Фельдшер сделала несколько уколов, дала кучу таблеток, предупредив, что Антонине предстоит долгое лечение. Ближе к полудню бабе стало совсем плохо. Фельдшер, приметив, что температура не спадает, позвала врача.
Антонина впервые стонала от боли. Врач, оглядев рваные раны, долго смачивала их йодом, обрабатывала жгучими растворами, а потом наложив швы, перебинтовала руку от плеча до самой кисти. Оставила у постели медсестру, шепнув ей что-то на ухо.
Та белой тенью сидела не шевелясь. Тонька, теряя сознание, видела, как медсестра торопливо подскакивала к стерилизатору. Боли от уколов уже не чувствовала.
Сколько дней прошло, баба не знала. Она то проваливалась в горячечное забытье, то выбиралась из него в ознобную слабость. Женщина иногда видела лица детей. Слышала голоса. Но не понимала, о чем говорят. Она силилась что-то сказать, спросить, но ей это не удавалось.
Две недели не вставала с постели баба. А когда пришла в себя — увидела измученные лица детей, ссутулившегося, усталого Ефима, сидевшего у стола серой тенью, уснувшую на стуле медсестру.
Едва Антонина пошевелилась, мужик подошел к постели тихо и, став на колени перед больной, спросил:
— Чего-нибудь хочешь?
— Нет.
— Как ты? Полегче стало? Как рука?
— Не болит.
— Ты знаешь, волк, который тебя покусал, чумной был. Оттого все случилось. Только больные звери теряют соображенье и не боятся человека, приходят к жилью. Его слюна попала в твою кровь. Ты едва не умерла. Хорошо, что врач вовремя увидела. Ввела вакцину.
— А ты-то как? — перебила Тонька.
— Обошлось. Но тоже не без уколов. Их мне на всякий случай делали.

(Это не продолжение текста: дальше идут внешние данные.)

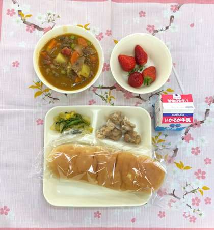 フライドチキン、カレーシチュー、春のカラフルソテー、いちご、パン、牛乳

Проснувшаяся медсестра поставила градусник. И, увидев, что
температура спала, сделала очередной укол, сказала девчонкам, чем кормить мать, и ушла в медпункт, пообещав наведаться вечером.
Старшие дети ушли на работу. И только последыши — двойня дочек остались дома и теперь, когда мать разговаривала с Ефимом, управлялись по хозяйству. Убирали в доме, топили печь, готовили поесть.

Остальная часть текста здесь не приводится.